Explain that for every $\epsilon > 0$ there exists $K > 0$ such that $ |f(x)-f(y)|<\varepsilon \quad \text {as long as } x, y>K $

Question

Assume

$$ \begin{aligned} &f(x) \rightarrow a \quad \text { for } x \rightarrow-\infty\\ &f(x) \rightarrow b \quad \text { for } x \rightarrow \infty \end{aligned} $$

for two real numbers $a$ og $b$.

a) Explain that for every $\epsilon > 0$ there exists $K > 0$ such that $$ |f(x)-f(y)|<\varepsilon \quad \text {as long as } x, y>K $$

My answer

To be honest I'm not sure what the problem is asking. In the following I'm actually guessing.

$$|f(x)-f(y)| = |f(x)-f(y)+a-a| = |f(x)-a+a-f(y)| \le |f(x)-a| + |a-f(y)|$$

Q1: Is there some definitions and/or theorems I can look up?

b) Show that $f$ is a uniformly continuous.

I do not have a good grasp of uniform continuity. Where would you guess suggest me to start.

Answer 1

For the first part, it came from the following definition of limit

$$\displaystyle \lim_{x\to +\infty}f(x) = b$$ if and only if, $$\text{for every $\epsilon>0$, there exist a $K>0$ such that if $x>K$, then $\lvert f(x)-b\rvert<\epsilon$}$$

With this definition, you are on the right track.

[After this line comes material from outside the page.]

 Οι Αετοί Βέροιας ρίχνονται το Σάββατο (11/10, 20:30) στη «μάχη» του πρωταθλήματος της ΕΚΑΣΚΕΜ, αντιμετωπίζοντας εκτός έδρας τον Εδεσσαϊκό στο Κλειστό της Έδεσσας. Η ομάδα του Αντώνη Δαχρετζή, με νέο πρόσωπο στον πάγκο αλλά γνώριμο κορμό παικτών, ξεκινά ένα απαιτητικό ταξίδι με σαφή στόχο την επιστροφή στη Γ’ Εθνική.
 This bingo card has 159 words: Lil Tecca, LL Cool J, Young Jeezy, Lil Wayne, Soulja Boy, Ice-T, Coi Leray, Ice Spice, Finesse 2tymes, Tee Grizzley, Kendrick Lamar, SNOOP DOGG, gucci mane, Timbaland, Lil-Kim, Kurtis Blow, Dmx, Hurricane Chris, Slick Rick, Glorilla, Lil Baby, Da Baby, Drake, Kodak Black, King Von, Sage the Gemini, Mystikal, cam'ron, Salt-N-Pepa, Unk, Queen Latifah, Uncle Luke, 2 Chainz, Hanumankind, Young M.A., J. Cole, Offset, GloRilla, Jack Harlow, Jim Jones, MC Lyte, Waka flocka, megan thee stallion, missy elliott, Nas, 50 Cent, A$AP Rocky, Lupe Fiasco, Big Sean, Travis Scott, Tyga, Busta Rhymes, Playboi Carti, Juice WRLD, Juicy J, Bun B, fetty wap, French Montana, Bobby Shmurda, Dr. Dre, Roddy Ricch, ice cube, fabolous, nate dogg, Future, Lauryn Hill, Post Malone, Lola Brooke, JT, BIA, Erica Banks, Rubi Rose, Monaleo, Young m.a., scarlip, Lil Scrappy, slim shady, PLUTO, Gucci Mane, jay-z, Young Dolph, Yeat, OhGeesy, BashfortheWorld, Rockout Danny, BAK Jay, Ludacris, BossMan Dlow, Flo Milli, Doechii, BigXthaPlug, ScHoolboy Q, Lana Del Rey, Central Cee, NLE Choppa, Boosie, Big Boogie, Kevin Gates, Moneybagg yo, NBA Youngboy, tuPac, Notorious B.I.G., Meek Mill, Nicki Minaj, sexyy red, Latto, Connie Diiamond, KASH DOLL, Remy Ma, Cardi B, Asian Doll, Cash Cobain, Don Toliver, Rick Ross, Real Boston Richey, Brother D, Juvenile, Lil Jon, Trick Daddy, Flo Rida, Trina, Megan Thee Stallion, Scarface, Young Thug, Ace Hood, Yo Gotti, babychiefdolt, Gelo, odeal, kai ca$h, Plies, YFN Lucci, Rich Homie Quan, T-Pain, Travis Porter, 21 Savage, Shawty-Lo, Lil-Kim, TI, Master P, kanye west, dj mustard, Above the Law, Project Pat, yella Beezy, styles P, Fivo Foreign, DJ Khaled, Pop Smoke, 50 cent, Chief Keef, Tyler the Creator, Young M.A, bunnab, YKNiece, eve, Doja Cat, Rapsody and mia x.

Let $\epsilon>0$. From the definition of limit, there exist $K_b>0$ such that if $x>K_b$, then $\lvert f(x)-b\rvert<\dfrac\epsilon2$.

Then if $x, y>K_b$ we have $$\left\lvert f(x)-f(y)\right\rvert=\left\lvert f(x)-b+b-f(y)\right\rvert\leq\left\lvert f(x)-b\right\rvert+\left\lvert b-f(y)\right\rvert < \frac\epsilon2 + \frac\epsilon2=\epsilon$$ $$\left\lvert f(x)-f(y)\right\rvert<\epsilon$$

A similar argument could be made with the limits to $-\infty$

From the definition of limit, there exist $K_a<0$ such that if $x<K_a$, then $\lvert f(x)-a\rvert<\dfrac\epsilon2$.

Then if $x, y<K_a$ we have $$\left\lvert f(x)-f(y)\right\rvert=\left\lvert f(x)-a+a-f(y)\right\rvert\leq\left\lvert f(x)-a\right\rvert+\left\lvert a-f(y)\right\rvert < \frac\epsilon2 + \frac\epsilon2=\epsilon$$ $$\left\lvert f(x)-f(y)\right\rvert<\epsilon$$

---

For part b), first the function need to be continuous. We could easily create a monstruous function, nowhere continuous that respect the limit conditions.

If the function is continuous, let'a take $\epsilon>0$ and we are looking for $\delta>0$ such that if $\lvert x - y \rvert<\delta$ then $\lvert f(x) - f(y)\rvert<\epsilon$.

From the first part, there exist $K_a<0$ and $K_b>0$ such that $$\lvert f(x) - f(y)\rvert<\epsilon \qquad \text{for all }x,y<K_a\tag{1}$$ $$\lvert f(x) - f(y)\rvert<\epsilon \qquad \text{for all }x,y>K_b\tag{2}$$ No mather the value of $\delta$ we have, the uniformly continuous definition will be satisfied for those parts.

It remains to show that the function is uniformly continuous on the closed interval $\left[K_a-1,K_b+1\right]$.

A continuous function on a compact set is uniformly continuous. This is known as Heine-Cantor theorem. If you are allow to use it, you are done. If not, look up the proof of the theorem and apply it to your case.

Since the function is uniformly continuous on $\left[K_a-1,K_b+1\right]$, there exist a $\delta<1$ such that for $x,y\in\left[K_a-1,K_b+1\right]$, $$\lvert x - y \rvert<\delta \implies\lvert f(x) - f(y)\rvert<\epsilon\tag{3}$$ This is the $\delta$ we were looking for. If $\lvert x - y \rvert<\delta$, three cases are possible.

• $x,y < K_a$, then it follows from equation $(1)$;
• $x,y\in\left[K_a-1,K_b+1\right]$, then it follows from equation $(3)$;
• $x,y > K_b$, then it follows from equation $(2)$.

The function is uniformly continuous.